Henna dye is considered to have magical healing properties, and is quite commonly seen, especially on Iraqi women. For example, it can be used for treatment of migraine headaches, where the hair is dyed. Henna can also be painted on the hands and feet, not just for decoration but for pain relief and also for protection from evil spirits and "evil eye." Tattoos can also serve the same purpose. For example, Islamic holy words can be written on the hand, such as "Allah" on the front, and "Ali" on the back. Circular tattoos over the temples are common for treatment of migraine headaches.

Among the most conservative Iraqi Muslims, typically the elderly, Western preventive health concepts may conflict with the belief that God has determined one's lifespan from birth which cannot (and should not) be altered by human intervention.

Pregnancy and Childbirth

In pregnancy, other female household members relieve the pregnant woman from household tasks; and in general, pregnant women receive more attention and care than usual. Some Iraqis believe that sonograms to determine the sex of a developing fetus is against God's will and should not be performed. In Iraq, midwives provide minimal prenatal care and most deliveries are at home.

After delivery, the placenta may be thrown in water, in a folk belief to encourage milk production. Circumcision of boys usually occurs within the first few days, accompanied by a ceremony and feast. Commonly, a barber performs the circumcision; crushed onions, sumaq seed, and other acidic foods are placed over the circumcision and the umbilicus for a few days to promote healing. During the circumcision, the person who holds the child is perceived to establish a very significant bond with the child. Females get their ears pierced at one week. Breastfeeding is the norm, a least one year, for both sexes. Rice soup, potatoes, and bread are common weaning foods, as is leban, a yogurt-based drink.

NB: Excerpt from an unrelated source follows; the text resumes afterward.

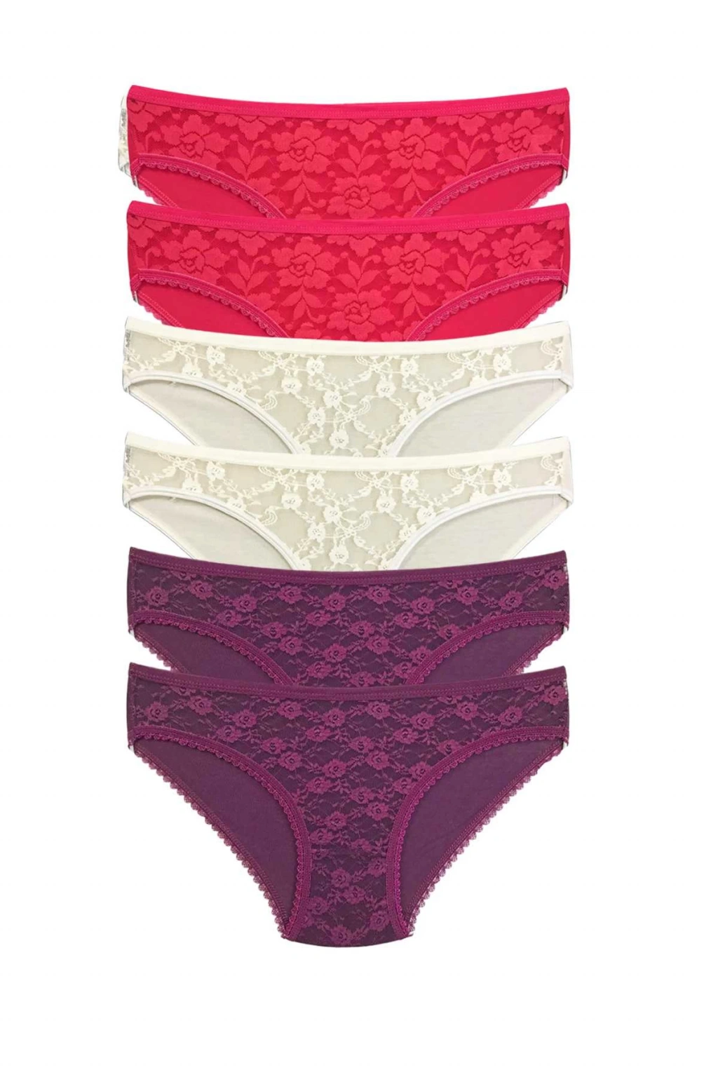 6 Adet Önü Dantelli Transparan Kadın Slip Külot Önü dantelli arkası pamuklu kumaştan üretilmiştir. Düğünlerde gelinlerin kullanacağı özel kadın gelin iç giyim olması yanı sıra gündelik hayatta tüm kombinlerinizle kullanabilirsiniz. Ağ kısmında ekstra parça mevcuttur. Ped takılablir. % 95 pamuk içermektedir. Canlı renkleri ve geniş renk seçeneği ile her kıyafetinize uyar. Sağlığınız için pamuklu kadın iç giyim ürünlerini kullanınız. Pamuklu dokusu sayesinde cildiniz nefes alarak nem dengesini korur. Transparan dantel ön kısmı ile özel anlarınızda tercih edebilirsiniz. Sadelikten sıkılan modern ve şık kadın iç giyim arayan genç ve yetişkin kadınların tercihidir. Biçomi ailesi olarak mutlu ve huzurlu günlerde kullanmanızı temenni ederiz. Paket içeriği: 6 Adet Önü Dantelli Transparan Kadın Slip Külot Renk : Fuşya Krem Mürdüm

Birth control is virtually non-existent in Iraq, as limiting births or interfering with conception in any way is thought by many to be against the laws of Islam as life is considered a gift from God. Likewise, abortion in any form is out of the question. In the West, Iraqi women are beginning to use oral contraceptives, depo-provera, IUDs, and even tubal ligation. Even among husbands support for birth control is growing. There is an acceptance, or at least a rationalization, that limiting births is a means for adaptation and economic sufficiency in the West.

Dying and Death

Expression of pain is usually a private matter, except during labor and delivery (Geissler, 1998). On hospitalization in the West, the family will stay with the patient and often will bring food, not trusting the hospital diet to be halal. The eldest male present will act as family spokesman and should be included in discussions whenever possible. There are differences of opinion among Muslim clerics about whether organ donations or autopsies are acceptable (Al-Mousawi, Hamed, & Al-Matouk, 1997; Geissler, 1998). Life-support measures would be acceptable to most Iraqis.

At death, the body is taken to the mosque, where family, friends, and the Imam (clergy) take turns reading from the Qur'an. White sheets are wrapped around the body, after ritualistic washing, and burial takes place as soon as possible, usually the same day. Traditionally the body is wrapped in cloth (not put in a casket) and carried to the cemetery on a litter during a funeral procession. The ritualized recitation from the Qur'an (sometimes a tape recording may be substituted) continues until the following Friday evening prayers, asking God to forgive the deceased for past sins. Black clothes are worn during mourning. A widowed wife may remarry six months after the husband's death, sometimes to the husband's brother. An exception is made in cases where a husband is missing in war, in which case she may remarry only after seven years. Cremation is not permitted by Islam (Geissler, 1998).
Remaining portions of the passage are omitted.